Generally, photographs are never admissible in evidence except when they are shown by competent testimony to properly reflect an area or object at the time involved. Then they are admissible to enable the court or jury to properly understand the facts involved in the case. A very interesting discussion of the rule is found, in the majority and minority opinions in Dallas Ry. Terminal Co. v. Durkee, Tex. Civ. App.
Irrespective of the testimony of plaintiff, which on its face entitles him to introduce the pictures in evidence, we have carefully examined the photographs and are unable to detect anything shown by them that in any way adds to or detracts from any part of the testimony by witnesses. They do show the comparative relation of the railway line to the highway and the general proximity of the plaintiff's property to both, but all this was detailed by witnesses. The comparative heights of the general lay of the land, the highway, and the railroad embankment were detailed by apparently competent engineers and were not dependent upon the pictures which added nothing. We see no reversible error in the point raised.
Plaintiff (the appellee) by his brief presents a cross-assignment of error to the effect that since his action was one for permanent damage to real estate, the measure of damages was the difference between the reasonable market value of his land and such value immediately after the injury occurred, which amount the jury found to be $3,000, and that his judgment should have been for that amount rather than the amount expended by him to place his swimming pool back in as good condition as it was before the damages occurred, which amount the jury found to be $1,550, the amount for which judgment was entered. He prays that the judgment be reformed and affirmed for $3,000.
In view of the pleadings and the nature of this case we are unwilling to sustain the cross-assignment and reform the judgment as prayed for. We do not construe the petition as one for permanent damages to real estate. Plaintiff's allegations were substantially that his property was reasonably worth $5,000 before the damage and worth not more than $3,000 after the damage, making an alleged difference of $2,000, rather than the amount the jury found. He also alleged that the reasonable amount necessary to repair his property and replace it in as good condition as it was before the damage done was $1, 775. He further pleaded: "That by reason of the foregoing facts the plaintiff has been damaged in the sum of $1775.00." His prayer was, "That upon a trial hereof, he have judgment for his damages," etc. The jury verdict and judgment were as above indicated.

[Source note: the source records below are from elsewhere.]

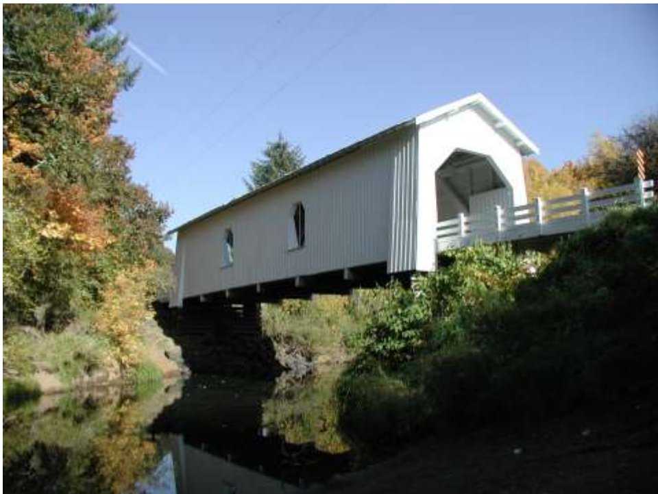
"Coming soon to a bridge near you..."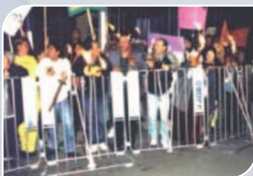
In Use in Demonstration

The MCCB is based on an innovative concept resulting in a cost-effective highly effective solution.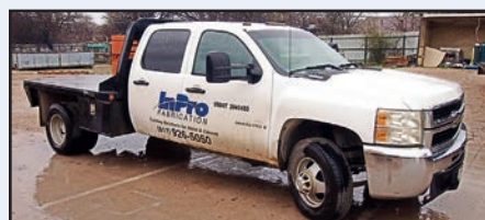
2009 CHEVROLET 3500 TRUCK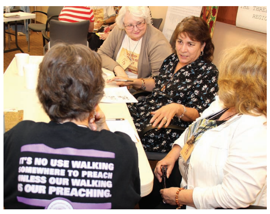
The chapter broke into small group sesssions to tackle agenda topics, such as best practices in regional and local fraternities, leadership development and effective communication.

• "In the best local fraternities, everybody has something to do. Members are engaged."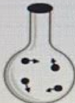
Figure 1: Gases in a Nonflexible Container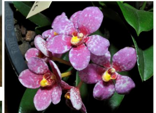
Sarcochilus Burgundy on Ice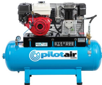
C507 Classic Industrial Series Trade Petrol Reciprocating - Petrol Powered - Pilot Air Compressor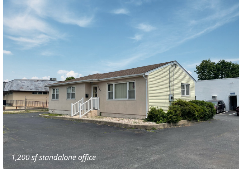
1,200 sf standalone office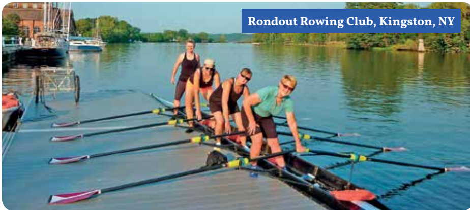
Rondout Rowing Club, Kingston, NY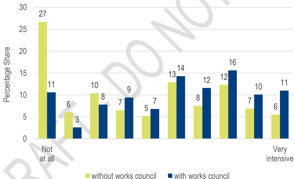
Figure 1: Consideration of Digitalization Technologies

Note: private sector establishments with at least 5 employees, without establishments in agriculture and non-profit organizations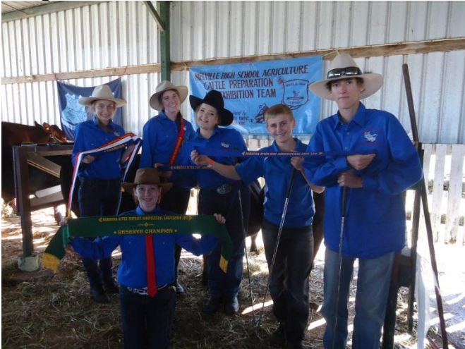
Melville High 'judges' stand proud in their Animal Handling team uniform at Wingham Beef Week.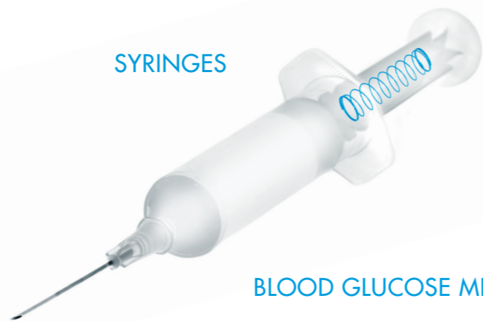
BLOOD GLUCOSE METERS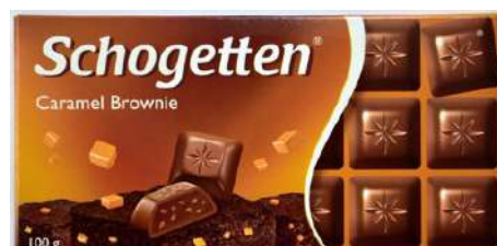
SCHOGETTEN CARAMEL BROWNIE 100G 15/3960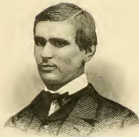
W. C. C. C. C.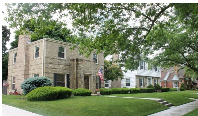
Orchard Street Residential Historic District, Racine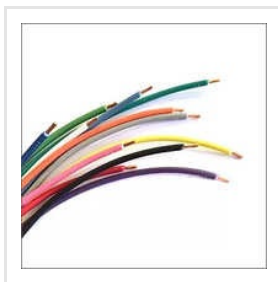
GXL Automotive Wires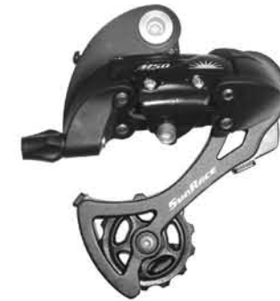
RDM56 LD [Alloy Outer Link] [13T Tension Pulley]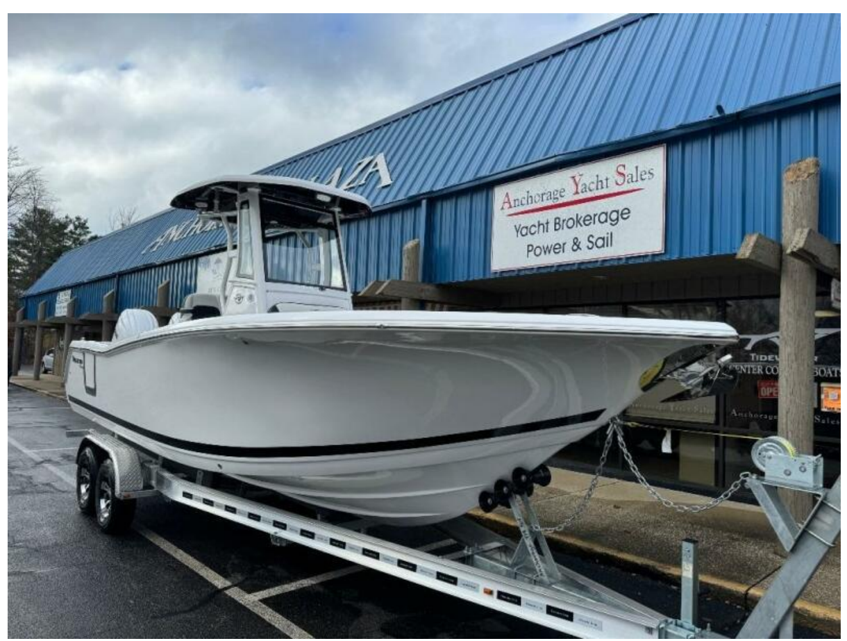
2024 256 TW Exterior 6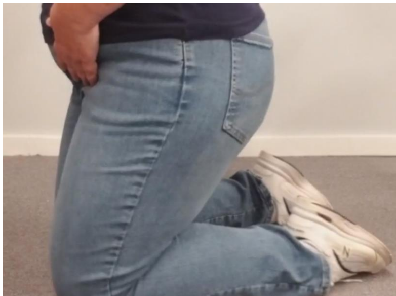
Figure 10 Begin by kneeling on the ground. Make sure your toes are pointed away from your body, not bent under the foot. Hips are shoulder width apart.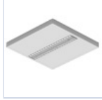
20089 CORNICE PLAF BACKLITE 600X600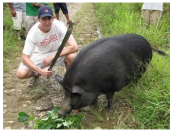
Walking through the community @ Kudjip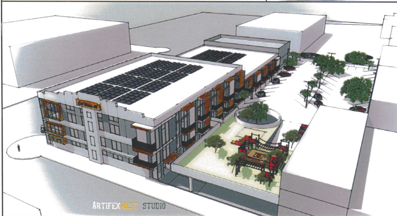
Birds eye view of podium area with parking below as well as PV solar array located on the roof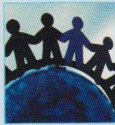
Liaison "International Halal Agencies"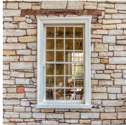
46 - ft19- colton- as.jpg

The testimony does not show that plaintiff's damages were "permanent damages to real estate" as that term is used in the law. It appears that defendant's embankment, which is shown to have occasioned plaintiff's loss, is located on its own property, and that no invasion of plaintiff's land was made by defendant; that such damages as plaintiff sustained were not occasioned, alone, because of the presence of defendant's embankment, but because of the negligent manner of its maintenance, for lack of adequate culverts and sluices, and then only at intervals dependent upon the elements under certain conditions. Notwithstanding the obvious fact that the structure of defendant's embankment and *412
plaintiff's concrete swimming pool may have been permanent in their nature, it does not follow that the damage to plaintiff's real estate, upon which the concrete swimming pool is located, would be "permanent damages to real estate." See McClellan v. Krebs, Tex. Civ. App.
All points of error and the cross-assignment are overruled and the judgment of the trial court is affirmed.